Sidney Hardon flew out of the bed, hastily dressed, and followed her as closely as he dared. To his surprise she crossed the garden to the farthest corner of the property, where the cemetery fence formed part of the border. Parting a clump of bushes, she passed through a hole in the fence made by the bars having been pulled apart, and entered the cemetery. Pursuing her very carefully he watched as she entered a large vault. He approached with extreme caution and peered inside. The interior was dimly lit by three funerary lamps, and to his horror he saw his young and beautiful wife surrounded by a group of hideo
us creatures.
They were of such surpassing monstrousness as he had never seen before. Though they had the vague form of man, their faces were like those of dogs, with long. broad snouts and low, pointed ears. They were hairless except for scraggly patches on their digitigradal legs, but their obscenely rubbery, deeply tannic skin was covered with mold and patches of lichens.
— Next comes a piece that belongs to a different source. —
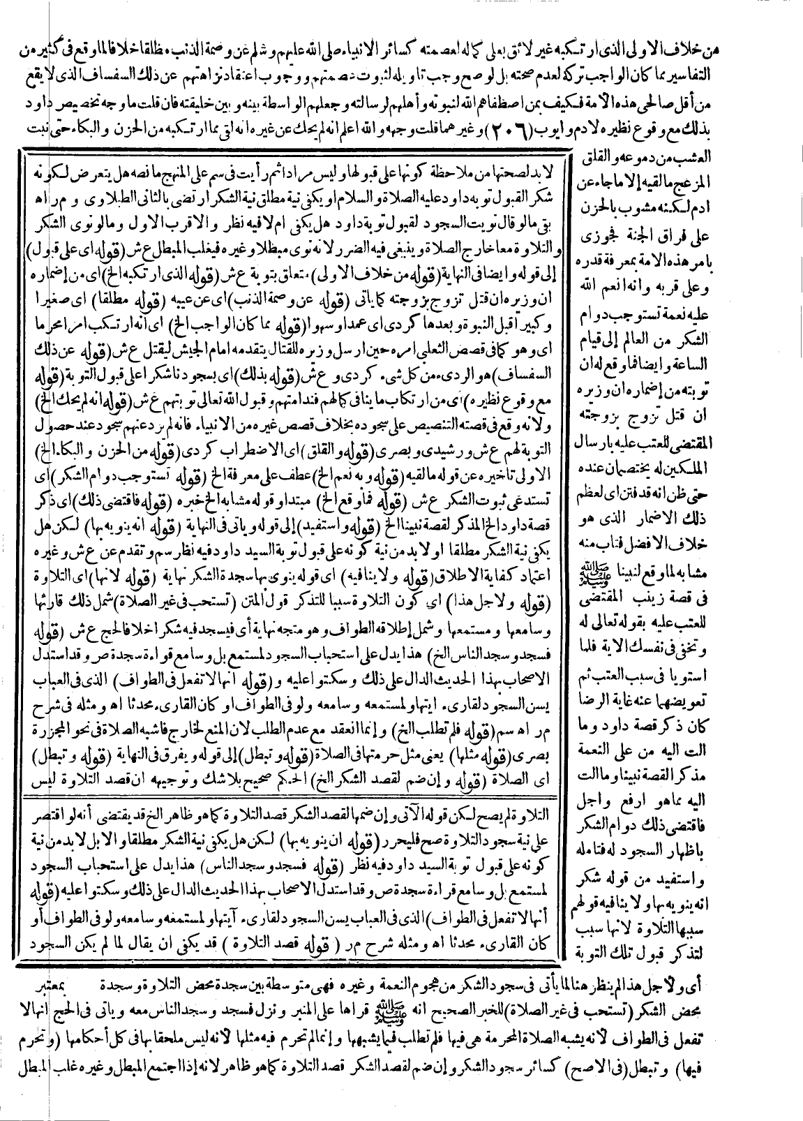 ـــــــــــــــــــــــــــــSالتِّلَاوَةِ لَمْ يَصِحَّ لَكِنْ قَوْلُهُ الْآتِي وَإِنْ ضَمَّ لِقَصْدِ الشُّكْرِ قَصْدَ التِّلَاوَةِ كَمَا هُوَ ظَاهِرٌ إلَخْ قَدْ يَقْتَضِي أَنَّهُ لَوْ اقْتَصَرَ عَلَى نِيَّةِ سُجُودِ التِّلَاوَةِ صَحَّ فَلْيُحَرَّرْ (قَوْلُهُ أَنْ يَنْوِيَهُ بِهَا) لَكِنْ هَلْ يَكْفِي نِيَّةُ الشُّكْرِ مُطْلَقًا أَوْ لَا، بَلْ لَا بُدَّ مِنْ نِيَّةِ كَوْنِهِ عَلَى قَبُولِ تَوْبَةِ السَّيِّدِ دَاوُد فِيهِ نَظَرٌ (قَوْلُهُ: فَسَجَدَ وَسَجَدَ النَّاسُ) هَذَا يَدُلُّ عَلَى اسْتِحْبَابِ السُّجُودِ لِمُسْتَمِعٍ بَلْ وَسَامِعِ قِرَاءَةِ سَجْدَةِ ص وَقَدْ اسْتَدَلَّ الْأَصْحَابُ بِهَذَا الْحَدِيثِ الدَّالِّ عَلَى ذَلِكَ وَسَكَتُوا عَلَيْهِ (قَوْلُهُ: أَنَّهَا لَا تُفْعَلُ فِي الطَّوَافِ) الَّذِي فِي الْعُبَابِ يُسَنُّ السُّجُودُ لِقَارِئِ آيَتِهَا وَلِمُسْتَمِعِهِ وَسَامِعِهِ، وَلَوْ فِي الطَّوَافِ، أَوْ كَانَ الْقَارِئُ مُحْدِثًا اهـ وَمِثْلُهُ شَرْحُ م ر (قَوْلُهُ: قَصْدَ التِّلَاوَةِ) قَدْ يَكْفِي أَنْ يُقَالَ لَمَّا لَمْ يَكُنْ السُّجُودُ

Their arms were long and powerfully muscled, and their broad hands had long, dexterous fingers, each of which terminated in a great claw. But their feet were cloven, like a pig's, and they danced about like grotesque satyrs celebrating some macabre bacchanalian rite.
Rather than attack her, however, they each embraced her as if she was an old friend. She then seated herself at the head of a sarcophagus lid set upon two piles of stacked tombstones. One of the monsters carried in a corpse which had been buried that very day and tossed it without respect onto the grisly table. The ghouls - for that was what they were - then joined her in quickly tearing the body to pieces, devouring the various parts with exceeding gusto and satisfaction. He became sick with terror and revulsion as Amina Nadil greedily stripped the flesh from an upper arm, then bit through the bone to suck out the marrow. The sight of her lips, which he kissed each night, and her hands, that caressed him, smeared with gore turned his burning love to a smoldering hate. Had he been armed he would have tried then and there to kill her and as many of her company as he could.
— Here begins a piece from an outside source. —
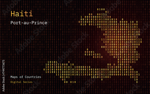 Haiti Map Shown in Binary Code Pattern. Matrix numbers, zero, one. World Countries Vector Maps. Digital Series

Instead, fearing that he might be discovered, he escaped back to the house and their bed, and when his wife returned he pretended to be deep in sleep until the morning. Throughout the whole of that day he made no mention of what he had discovered, but in the evening as Amina Nadil took her customary bowl of rice, Sidney Hardon insisted that she should share some the same foods he ate. When she declined as he expected, he remarked with all the sarcasm and disgust he could manage: "I take it then that none of these dishes are as palatable as the flesh of a corpse?"